Figure 5. Correlation analysis between C, N, and P contents and ratios of plants and soils (A), and between C, N, P contents and ratios of plant organs and soil depths (B). Cs, soil C stock; Ns, soil N stock; and Ps, soil P stock. C1, N1, P1, C:N1, C:P1, and N:P1 are the soil C, N, and P contents and ratios in 0–10 cm depth. C2, N2, P2, C:N2, C:P2, and N:P2 are the soil C, N, and P contents and ratios in 10–30 cm depth. C3, N3, P3, C:N3, C:P3, and N:P3 are the soil C, N, and P contents and ratios in 30–60 cm depth. C4, N4, P4, C:N4, C:P4, and N:P4 are the soil C, N, and P contents and ratios in 60–100 cm depth.

The PCA results revealed that the first two axes explained 83.9 and 47.1%, respectively, plant and soil C, N, and P contents and ratios were mainly affected by tidal wetlands (Figure 6). Plant and soil C, N, and P contents and ratios were closely related to plant growth traits (e.g., aboveground biomass and diameter; Figure 6A) and soil physiochemical properties (e.g., bulk density, temperature, and moisture; Figure 6B).

FIGURE 6

Figure 6. Principal component analysis (PCA) between plant growth traits and the C, N, P stoichiometry and stocks of plants and soils in three land-use types (A). PCA analysis between soil physiochemical properties and the C, N, P stoichiometry and stocks of plants and soils in four land-use types (B).
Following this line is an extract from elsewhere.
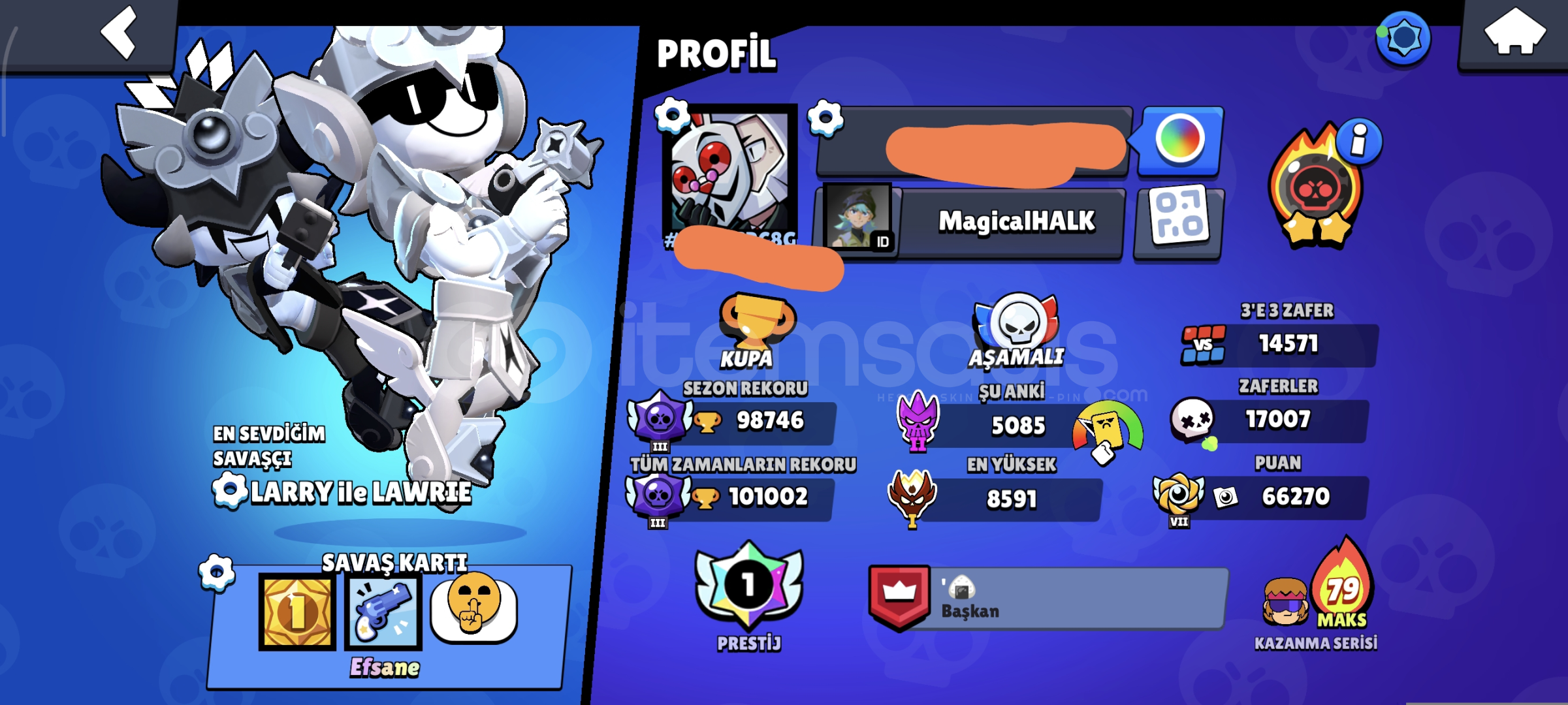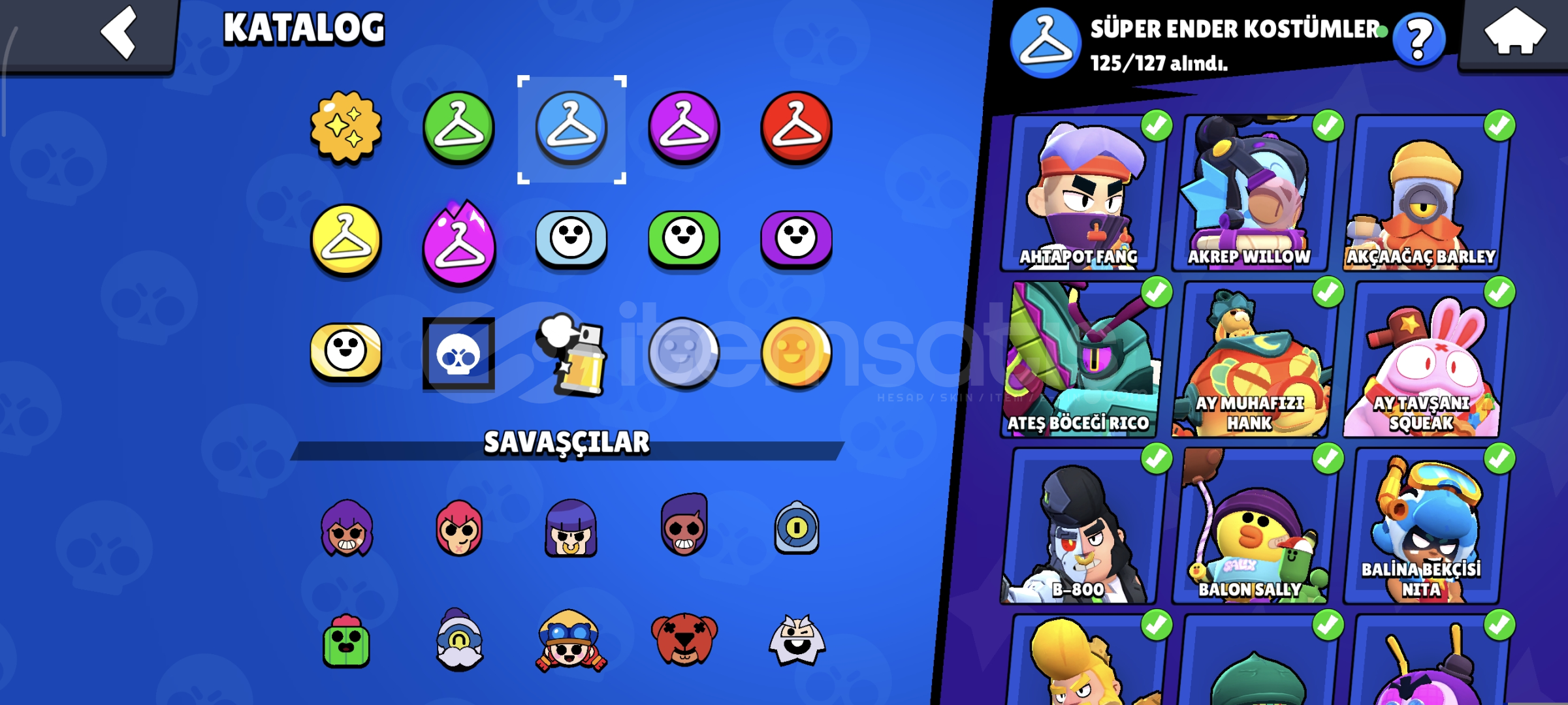 • Yaklaşık 100.000 kupa• Tüm karakterler açık ve MAX seviye• Power 11, gadget ve star power’lar tam• Ustalar Ligi’ne ulaşılmıştır• Hesap oldukça doludur, çok sayıda kostüm bulunmaktadır• İçerisinde nadir / eski kostümler mevcuttur• Emek verilmiş, koleksiyon değeri olan hesaptır• Supercell ID değiştirilebilir• Hesap tem...

MF, mudflat; NW, native Phragmites australis-dominated community wetland; IW, invasive Spartina alterniflora-dominated community wetland; and RW, reclaimed P. australis-dominated community wetland.

Soil Cs and Ns were more likely to be correlated with C, N, and P contents and ratios in soil than in plants, while soil Ps were both affected (Figure 5A). The effects of plant growth traits, especially the height and aboveground biomass, were higher than plant stoichiometry (Figure 7A), and the contributions of the soil C content and bulk density were greater than those of the other soil characteristics (Figure 7B).

FIGURE 7

Figure 7. Aggregated boosted tree (ABT) analysis of the soil C, N, and P stocks, plant growth traits, and C–N–P stoichiometry (A). ABT analysis of the soil C, N, and P stocks, soil physiochemical properties, and C–N–P stoichiometries (B).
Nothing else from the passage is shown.